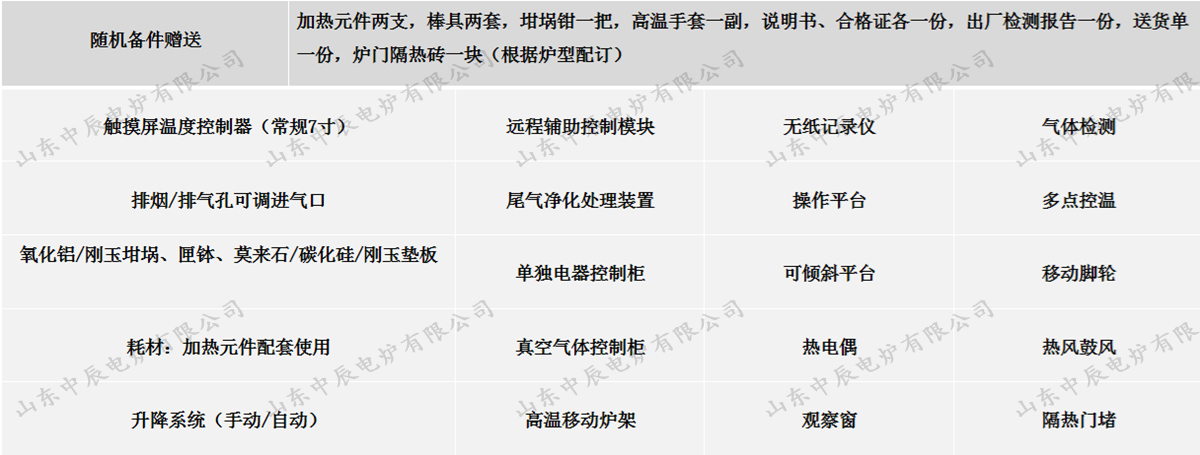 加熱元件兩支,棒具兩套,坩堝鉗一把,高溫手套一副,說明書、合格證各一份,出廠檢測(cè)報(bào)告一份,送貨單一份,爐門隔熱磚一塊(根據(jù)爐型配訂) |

^^^^^^^^

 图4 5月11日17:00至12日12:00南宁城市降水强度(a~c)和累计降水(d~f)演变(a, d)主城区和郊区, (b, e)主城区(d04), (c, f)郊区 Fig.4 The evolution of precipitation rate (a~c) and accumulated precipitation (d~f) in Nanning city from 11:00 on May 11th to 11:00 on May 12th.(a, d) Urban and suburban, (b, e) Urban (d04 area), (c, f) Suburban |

^^^^^^^^

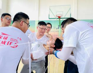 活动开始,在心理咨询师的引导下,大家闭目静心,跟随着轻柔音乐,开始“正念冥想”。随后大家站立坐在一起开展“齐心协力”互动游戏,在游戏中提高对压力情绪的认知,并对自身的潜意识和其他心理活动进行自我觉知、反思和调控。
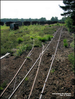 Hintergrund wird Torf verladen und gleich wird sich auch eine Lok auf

^^^^^^^^

◆ **REQUIRED WORK**: Reproduce the data above exactly, but only the lines from the one showing "活动开始,在心理咨询师的引导" through the one showing "Hintergrund wird Torf", with both ends kept and the pictures left out.

◆ **SOLUTION TO THIS PROBLEM**:
 活动开始,在心理咨询师的引导下,大家闭目静心,跟随着轻柔音乐,开始“正念冥想”。随后大家站立坐在一起开展“齐心协力”互动游戏,在游戏中提高对压力情绪的认知,并对自身的潜意识和其他心理活动进行自我觉知、反思和调控。
 Hintergrund wird Torf verladen und gleich wird sich auch eine Lok auf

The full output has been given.